我对 Django 和 Celery 有一个问题,其中一些已注册的任务永远不会被执行。

我的 tasks.py 文件中有三个任务,其中两个;schedule_notification()并且schedule_archive()没有问题地工作。它们在预定义的 ETA 处毫无问题地执行。

使用该schedule_monitoring()功能,我可以看到该作业是在 Celery Flower 中启动的,但它从未真正执行过。它只是坐在那里。

我已经确认我可以从工作人员本地运行命令,所以我不确定问题可能出在哪里。

tasks.py(失败函数)

@task
def schedule_monitoring(job_id: str, action: str) -> str:
    salt = OSApi() # This is a wrapper around a REST API.
    job = Job.objects.get(pk=job_id)
    target = ('compound', f"G@hostname:{ job.network.gateway.host_name } and G@serial:{ job.network.gateway.serial_number }")

    policies = [
        'foo',
        'bar',
        'foobar',
        'barfoo'
    ]

    if action == 'start':
        salt.run(target, 'spectrum.add_to_collection', fun_args=['foo'])  
        for policy in policies:
            salt.run(target, 'spectrum.refresh_policy', fun_args=[policy])

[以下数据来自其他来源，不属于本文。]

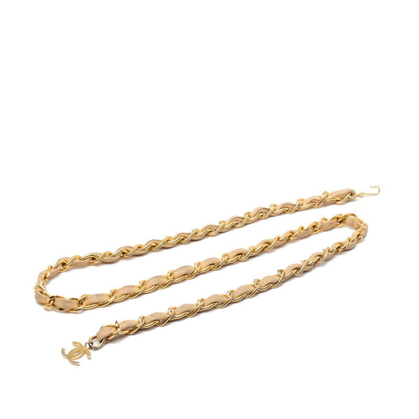 Chanel Coco Mark Chain Belt, Beige Gold Plated Leather, Women\'s CHANEL

        create_activity("Informational", "MONITORING", "Started proactive monitoring for job.", job)
    elif action == 'stop':
        salt.run(target, 'spectrum.remove_from_collection', fun_args=['bar'])
        for policy in policies:
            salt.run(target, 'spectrum.refresh_policy', fun_args=[policy])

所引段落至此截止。